2005 Salt Lake City Annual Meeting (October 16–19, 2005)

Paper No. 2
Presentation Time: 2:00 PM

SCIENCE—OPPORTUNITIES AND CHALLENGES AT THE INTERFACE WITH POLICY


SCARLETT, P. Lynn, Office of Policy, Management and Budget, U.S. Department of the Interior, 1849 C Street N.W, Washington, DC 20240, lynn_scarlett@ios.doi.gov

The Department of the Interior's multifaceted mission lies at the confluence of people, land and water. That mission puts Interior at the center of complex environmental and land management issues. All human action has some environmental footprint. For the Department's land managers, a fundamental question is how to lighten that environmental footprint while maintaining thriving communities. How might land management decisions enable people to pursue their economic, recreation, and other activities while protecting landscapes?

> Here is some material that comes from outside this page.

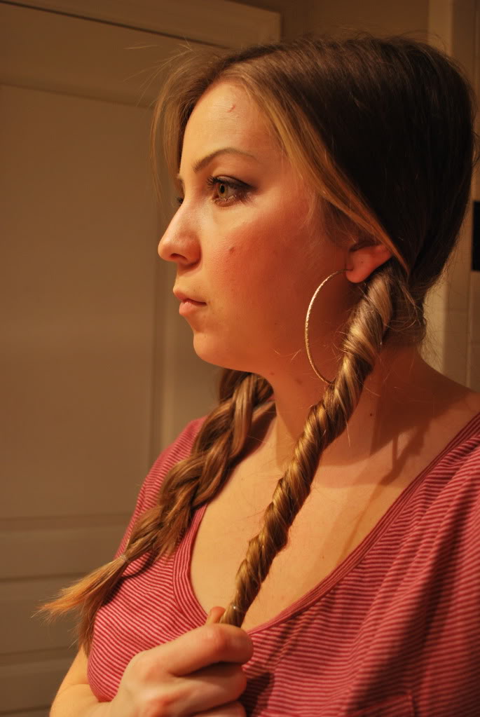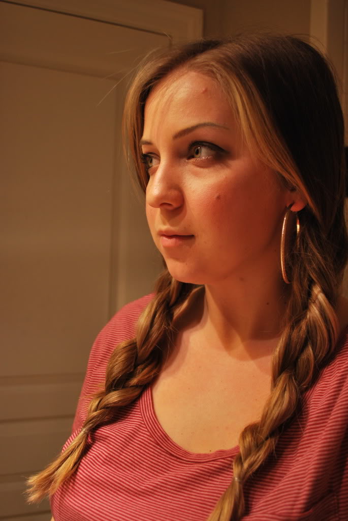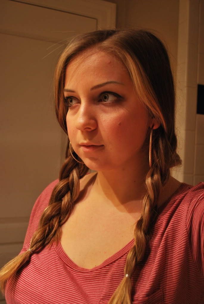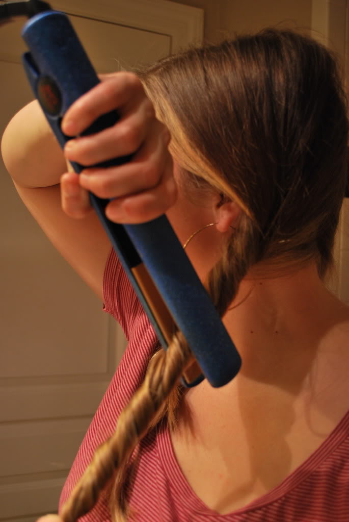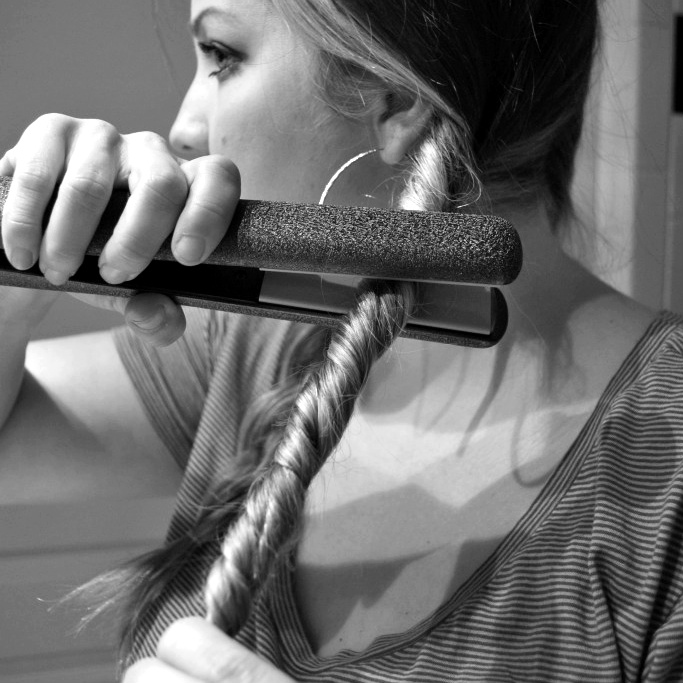 2. จากนั้นก็เริ่มถักเปียง่ายๆ สองข้าง ระหว่างถักเปียก็ไปเปิดสวิตซ์วอร์มความร้อนของที่หนีบผมรอซะก่อน

Informing these decisions with science insights and information is important, indeed, critical to our ability to maintain healthy lands and thriving communities. This interface of science and policy presents both opportunities and challenges. Policy and management challenges do not present themselves in pre-defined problem sets. Defining the scope and scale of the relevant problem set—the compass—of a land management decision can, itself raise both scientific and social questions. Through what process might we draw appropriate boundaries for a problem set and decision focus? Answering these questions demands scientific insights, but they are as much questions of human communities, values, and social constructs as they are matters of scientific distinctions and categories. The most distinctive challenge in any interface of science and policy pertains to context: policymaking is, fundamentally, about values. Policy makers ask: “What values do we care about?” “How clean is clean enough?” “How do we allocate which resources?” Scientists ask: “What is reality?” “How does the world work?” Yet understanding “what is” is not the same as exploring and illuminating responses to the questions of “what do we care about?” or “where do we want to go?” Joint fact-finding offers a way of bridging the conversation between those engaged in the policy question: “where do we want to go?” and those who have insights regarding “what do we know that might help us decide.” Building these bridges can advance better decisions and reduce conflict. Joint fact-finding is about process—and process can be as important as substance in assembling and communicating information relevant to land management decisions. Joint fact-finding is a way of linking science and scientists to the process of thinking through complex problems of reconciliation.